Open r12a opened 4 years ago
The first comment in this issue contains text that will automatically appear in one or more gap-analysis documents as a subsection with the same title as this issue. Any edits made to that comment will be immediately available in the document. Proposals for changes or discussion of the content can be made in comments below this point.
Relevant gap analysis documents include: _Bengali_
This issue is applicable to Bengali and Assamese.
The issues Letter-spacing splits conjuncts and Conjuncts are not selected as a single unit when styling initials describe how conjuncts should not be split by letter-spacing. See those issues for more details.
This topic builds on that for some specific cases in Bengali.
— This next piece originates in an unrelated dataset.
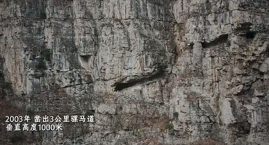 2003年當(dāng)?shù)卣疄榇迕裨诮^壁上鑿出一條長3公里,垂直高度近1000米的騾馬道,方便村民出行。
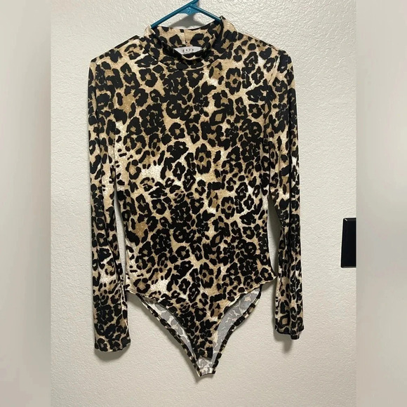 Leopard Print High Collar Long Sleeve Bodysuit Large

There are two cases in Bengali where hasant (virama) is preceded by an independent vowel, rather than a consonant. These are:
(In both cases this produces the sound æ, used for non-native words, such as 'application', 'administration' etc.)
This combination should not be split either, even though it doesn't fit the typical CvC structure of a conjunct (where 'v' is the virama).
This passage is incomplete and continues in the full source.